On my 22-250 I have wrapped white tape around the turret and marked it to 600 yards. I don't shoot it beyond that, so I don't need to see the inch calibrations. Most often I have the inch calibrations on the inside of the rear scope cover. When that pops up I see my hold-overs. Since I don't need that I have a drawing of my mil-dot. With my rifle sighted at 100 yards the first dot is on at 350 yards the second at 475, the third at 575, and the fourth is on at 650. I have that in the scope cover in the event I have an opportunity on a coyote and no time to dial distance. Sometimes things just happen to fast.

Also, with target turrets you can just set your scope to use your Maximum Point Blank Range. That is determined by the size of the kill zone of the animal your hunting. It was automatic in my old Chrony program, but after buying a new computer that program is no longer usable. Still with any program on the net it's not tough to figure out.

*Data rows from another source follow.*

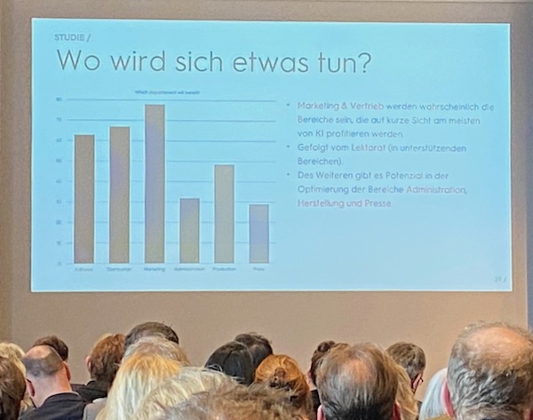 Was wird jetzt schon eingesetzt? Werbeanzeigen in automatisierter Form, personalisierte Vorschauen, Trend-Analysen etc. Ob Verlage sich tatschlich auf eine Nachfragevorhersage verlassen, um mit 39 Faktoren 28 Tage vor dem Erscheinungstermin die optimale Größe der Erstauflage festzulegen, erscheint doch fraglich.
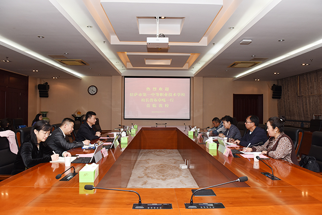 4月27日上午,拉萨市第一中等职业技术学校普布卓嘎校长一行莅临Beat365官网洽谈对口支援事宜。Beat365官网党委副书记、校长谢永华在行政楼辅楼一楼会议室进行了友好接待。
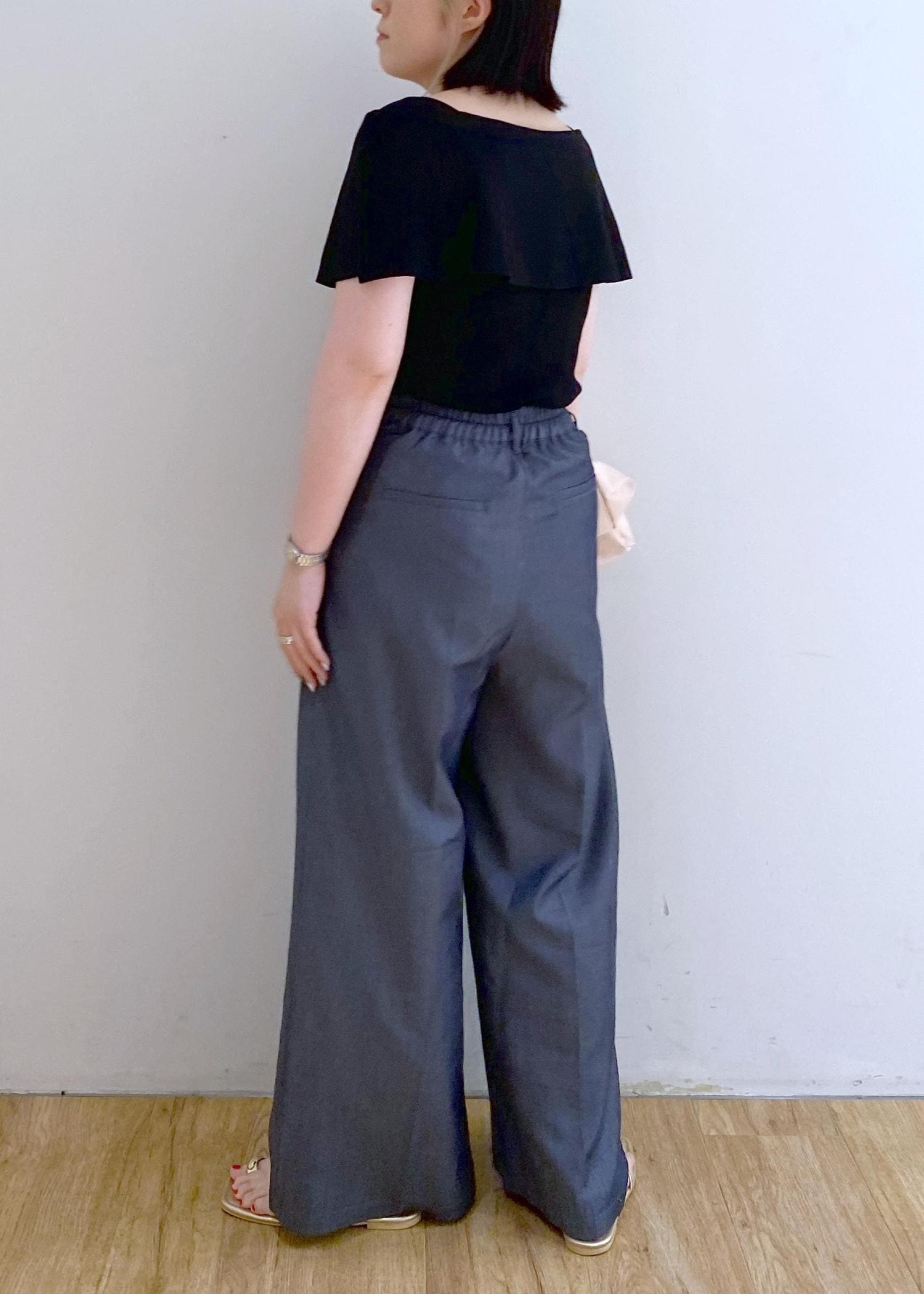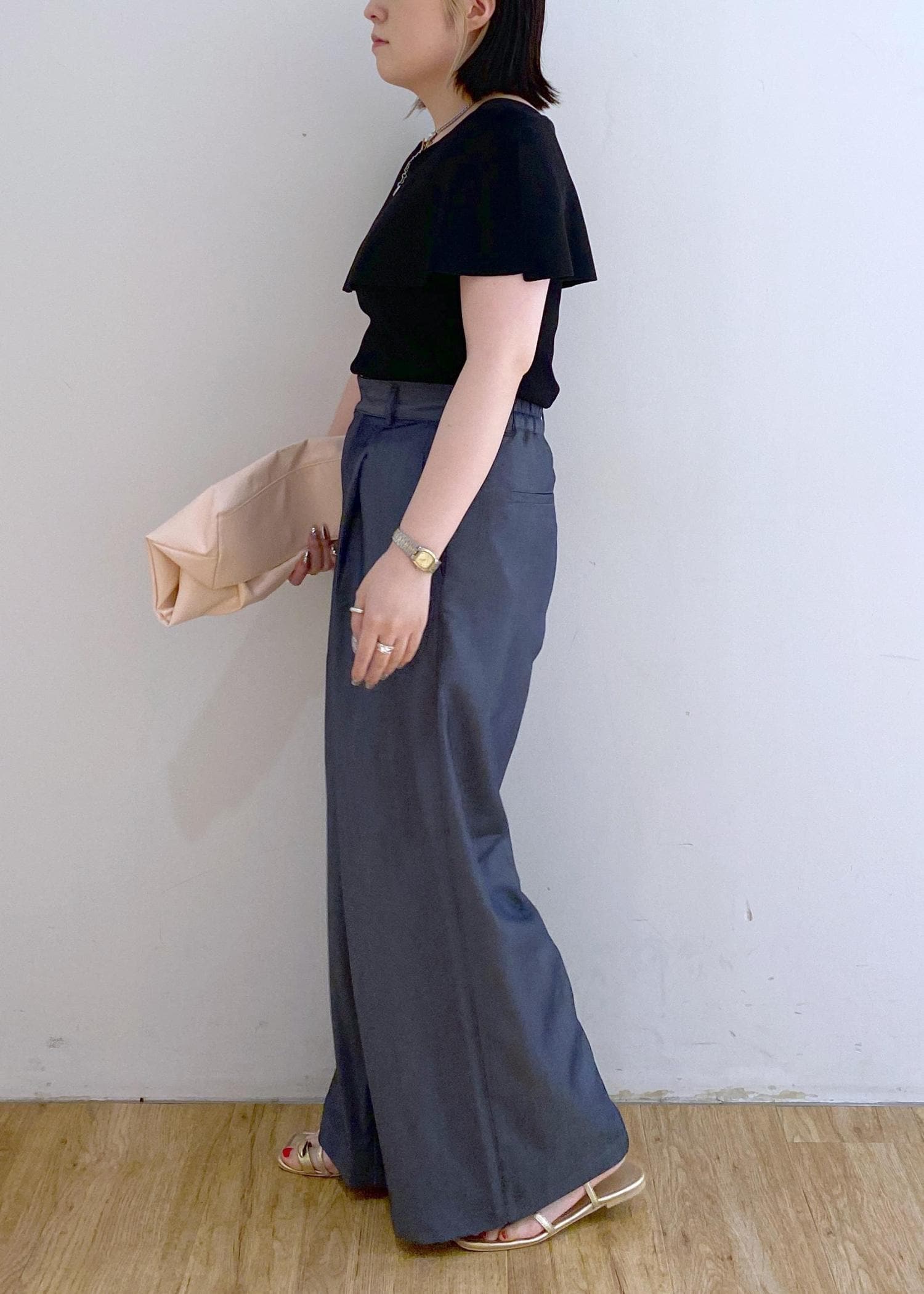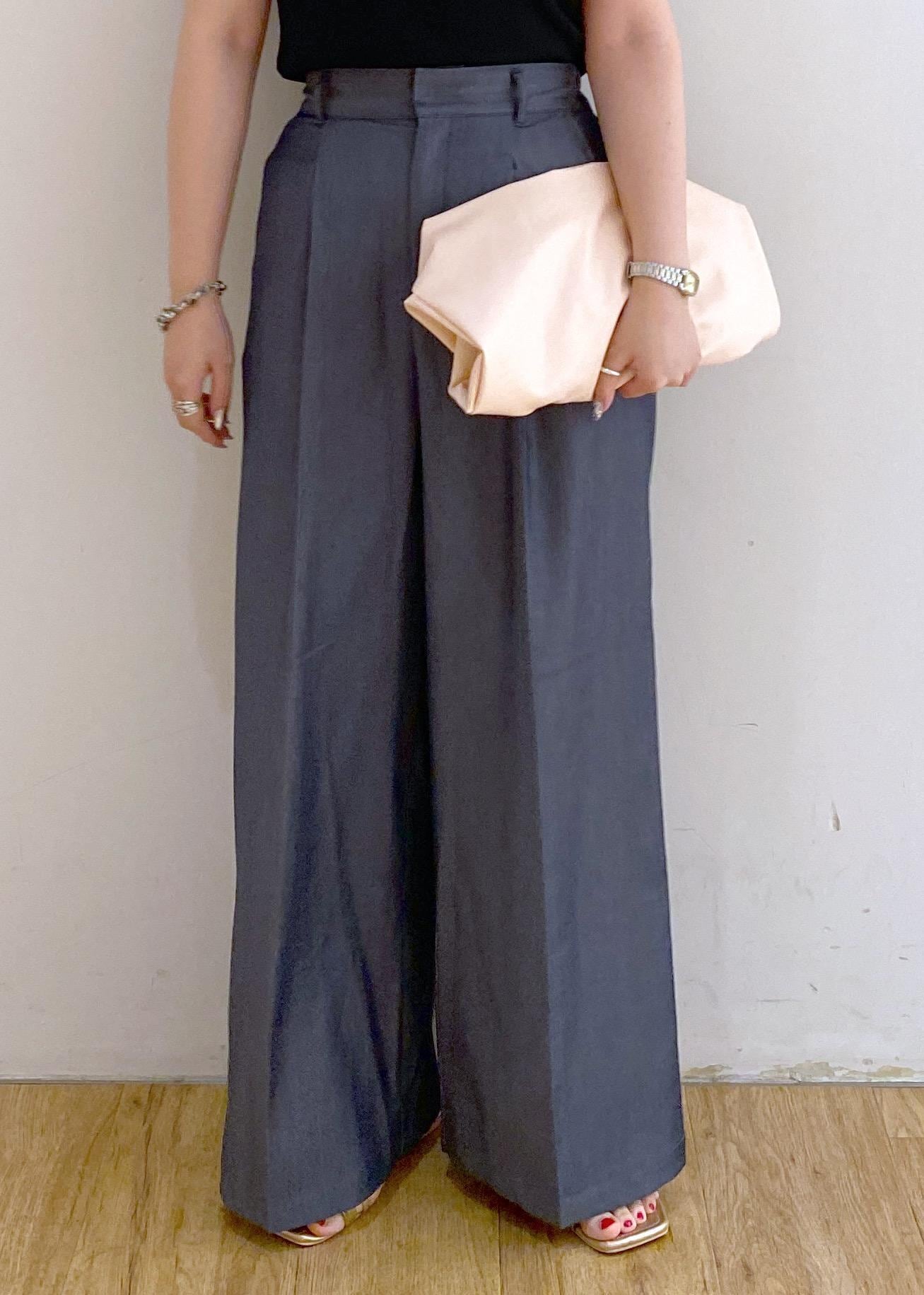 ROPÉ PICNICテンセルシャンブレータックワイドスラックス/通勤対応ネイビー / 38¥6,490レビュー156cmだと38サイズ着用で着丈は少し長めに感じました。ウエストはジャストサイズだったのでヒール合わせで着用するのがオススメです◎

Ooops, sorry, I'm almost late for the dentist. Later.


----------



## farmerj (Jun 19, 2004)

http://www.6mmbr.com/parallax.html

Parallax explained better than I can in fewer words.


----------



## KurtR (May 3, 2008)

Simple answer if you want a ffp scope with mill dots that is mil/mil adjusted look at the 3-9x42 supersniper on swfa. It will give you all the advantages of haveing mill dots and mill adjustments. if you really want to learn how and what all that means go to snipershide.com and click on the articles section and it will have a explination on mil/mil scopes which is the way to go. Oh ya the scope is only 600 i think and your not going to find a ffp any cheaper. http://www.snipershide.com/node/1 there is the link to the atrticle that can explain everything for you


----------



## farmerj (Jun 19, 2004)

you can play with this too

http://www.shooterready.com/lrsdemohi.html


----------



## AdamFisk (Jan 30, 2005)

Plainsman said:


> Adam, most of my scopes are mil-dot. I would not waste my money on FFP. They may be nice, but I always go to the highest setting anyway. I can see where the dots are on the deer much better on high power. My Nikons require that I set the scope on 12X and my Leupolds require 14X.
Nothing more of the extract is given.